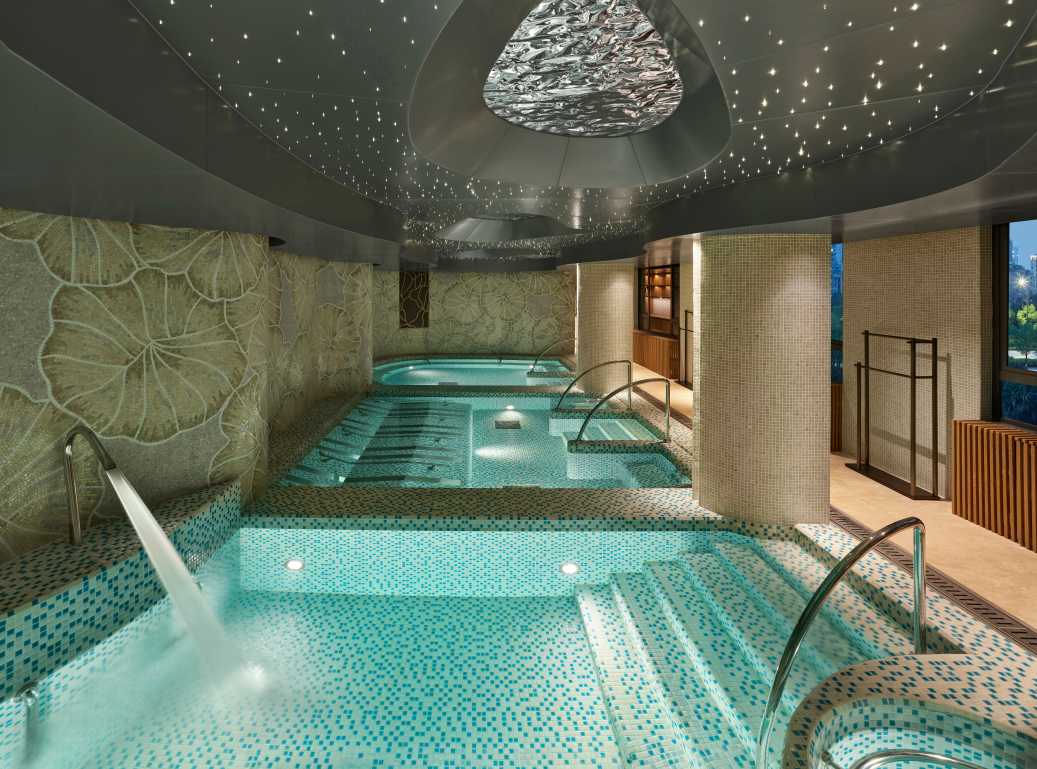 室内水疗区,喜马拉雅盐屋、活力池、湿蒸房、干蒸房,唤醒身体
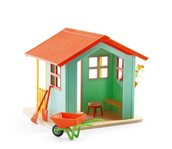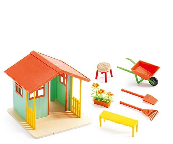 Domek gospodarczy to uzupełnienie zestawów domku dla lalek. Zestaw zawiera wyposażenie -taczka, konewka ,grabie, łopata .
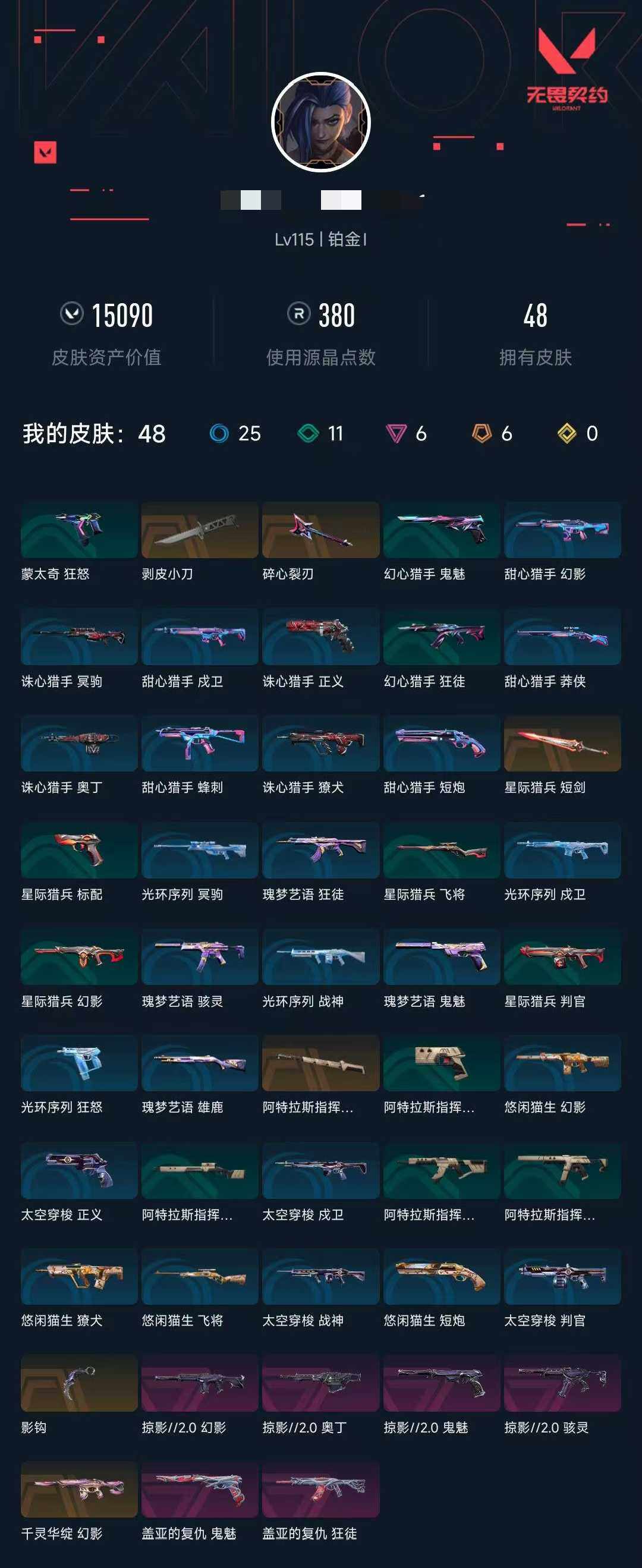 国服Q区 皮肤价值15090【6橙皮 0金皮 6紫皮 48皮肤 29英雄 82卡面 380已用源晶】铂金 优质皮肤:影钩、剥皮小刀、狂徒-盖亚的复仇、幻影-千灵华绽
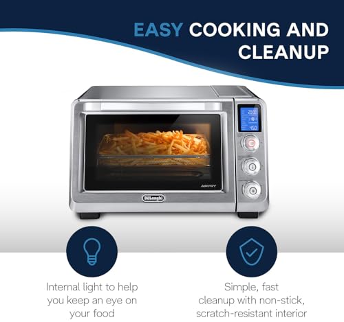 The De’Longhi Air Fry Oven uses True European convection to prepare your favorite culinary cravings—from crunchy zucchini crisps to juicy chicken tenders—up to 40% faster. Save energy with this countertop appliance that efficiently air fries, toasts, bakes, boils, grills, defrosts, or reheats your whole favorite foods. Exclusive heat lock technology maintains an even temperature, ensuring that your meals are cooked to perfection. Meanwhile, an interior light permits you to monitor progress at any point—without disturbing the cooking process. Low-maintenance and easy to clean, this Circle of relatives-sized toaster oven is equipped with the entire accessories you want, including an air fry basket, wire rack, crumb tray, baking pan, and pizza pan. Enjoy versatile possibilities and an effortless setup, each time.

● ● ●

> _WHAT NEEDS TO BE DONE_: Nothing should appear in the answer except the lines from the first line of the data through the line holding "国服Q区 皮肤价值15090【6橙皮 0金皮", exactly as written, with pictures left out.

> _FINAL ANSWER_:
 室内水疗区,喜马拉雅盐屋、活力池、湿蒸房、干蒸房,唤醒身体
 Domek gospodarczy to uzupełnienie zestawów domku dla lalek. Zestaw zawiera wyposażenie -taczka, konewka ,grabie, łopata .
 国服Q区 皮肤价值15090【6橙皮 0金皮 6紫皮 48皮肤 29英雄 82卡面 380已用源晶】铂金 优质皮肤:影钩、剥皮小刀、狂徒-盖亚的复仇、幻影-千灵华绽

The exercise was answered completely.